A single tape is not enough
Data is now easier to access and is also becoming more timely. However, the challenge is no longer simply identifying the correct dataset to use; instead, it has moved onto the aggregation layer. With the volume of post-trade data having dramatically increased, with the introduction of the new transparency regimes, wading through a metaphorical swamp to find hidden treasure within the vast data lake can be problematic.

Aggregation is clearly not the only obstacle; licensing, de-duplication, trade lifecycle tracking, and producing meaningful analytics provide the next set of hurdles for both buy- and sell-side desks as the initial launch date rapidly approaches.

Alex Munn, chief technology officer at Propellant Digital, added, “The Consolidated Tape gives you a firehose, but what most desks actually need is a filter. The real business value comes from turning this raw post-trade transparency into a cleaned, high-quality and actionable dataset that supports trading and investment decisions”.

Whilst the exact date is not yet known, the ESMA equivalent CT is expected to go live in 2027, at which point the aforementioned challenges will become increasingly urgent to overcome.

Currently in Europe, aggregation is a complex process involving direct connections to multiple trading and reporting venues. When the tapes begin to roll out, whilst this may become easier on the surface, beneath the waves many infrastructure challenges remain.

To begin with, the differing scope between MiFID reporting and the CT means that firms seeking a complete view of the fixed income landscape will still need to maintain connectivity to multiple venues, not just the tapes themselves. The decision may not just come down to coverage but also the differing licensing conditions.

From a licensing perspective, it is possible that cross-jurisdictional differences could create potential issues for subscribers, particularly considerations around use cases and data removal.

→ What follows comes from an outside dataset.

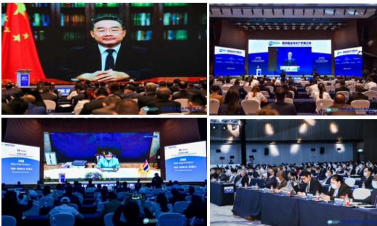
สมเด็จพระกนิษฐาธิราชเจ้า กรมสมเด็จพระเทพรัตนราชสุดาฯ สยามบรมราชกุมารี ทรงร่วมการประชุมระดับโลกด้านการเพาะเลี้ยงสัตว์น้ำผ่านระบบออนไลน์การประชุม Global Conference on Aquaculture Millennium+20 (GCA+20)

เมื่อวันที่ 23 กันยายน 2564 ฝ่ายเกษตรกรฯ เข้าร่วมการประชุม Global Conference on Aquaculture Millennium+20 (GCA+20) ที่ นครเซี่ยงไฮ้ โดยกระทรวงเกษตรและกิจการชนบทจีน องค์การอาหารและการเกษตรแห่งสหประชาชาติ (FAO) และองค์การชำนัญพิเศษเพาะเลี้ยงสัตว์น้ำแห่งเอเชียและแปซิฟิก(NACA) ร่วมกันเป็นเจ้าภาพขึ้น เมื่อวันที่ 23 - 24 กันยายน 2564 ณ นครเซี่ยงไฮ้ โดยเมื่อวันที่ 24 กันยายน 2564 สมเด็จพระกนิษฐาธิราชเจ้า กรมสมเด็จพระเทพรัตนราชสุดาฯ สยามบรมราชกุมารี ทรงร่วมการประชุมระดับโลกด้านการเพาะเลี้ยงสัตว์น้ำ ผ่านระบบออนไลน์ โดยได้พระราชทานพระราชดำริเกี่ยวกับเป้าหมายการพัฒนาที่ยั่งยืน เป้าหมายที่สอง ขจัดความหิวโหยภายใต้โครงการพระราชดำริ ในช่วงการรับรองปฏิญญาเซี่ยงไฮ้ (Shanghai Declaration) ตามคำกราบบังคมทูลเชิญของ Dr. Matthias Halwart, Team Leader of GCA, FAO

These complexities will provide a headache for those looking to join multiple tapes and go down the ‘self serve’ route – and that is before considering future planned tapes such as ESMA’s OTC derivatives tape (also expected in 2027).

Duplicates and deferrals
We could spend an entire day talking about the infrastructure and licensing concerns without even addressing the data. However, once those initial barriers have been hurdled, the next challenge lies within the trade reports themselves.

Existing consumers of MiFID data will no doubt be very familiar with the complexities of the data, particularly the prevalence of duplicates (which come in many flavours) and lifecycle events (such as how an amend, cancel or update is joined to the original report).

De-duplication requires ‘hash’ creation (unique strings created by complex algorithms to determine if trade reports are identical). This approach is far more powerful than a manual eyeball check and in the modern world that is simply no longer viable. There is a large amount of data and not enough time; therefore, it is imperative that duplicates are highlighted in minutes or even seconds, not days.

Lifecycle events also present their own challenges. A price may need to be amended, or maybe the notional was incorrectly entered; these seemingly simple amendments can result in (multiple) additional rows of data, which in turn increases complexity and cost.

The new transparency regimes aim to reduce reporting complexity; both provide market participants with a set of rules that can be applied to trades. However, this can still result in multiple reports per trade (for example, if an initial ticket has its volume omitted) and, in many cases, the applied deferral may still be subjective as the appropriate deferral rests heavily on the available reference data.

All these factors combine to highlight one clear fact: the move towards the CT within fixed income is not a silver bullet. As each tape is launched over the next few years, the reliance on aggregators and experienced data specialists is likely to increase. Increased transparency leads to larger data sets, whilst also enabling quantitative decision making in a way that simply was not possible a few years ago.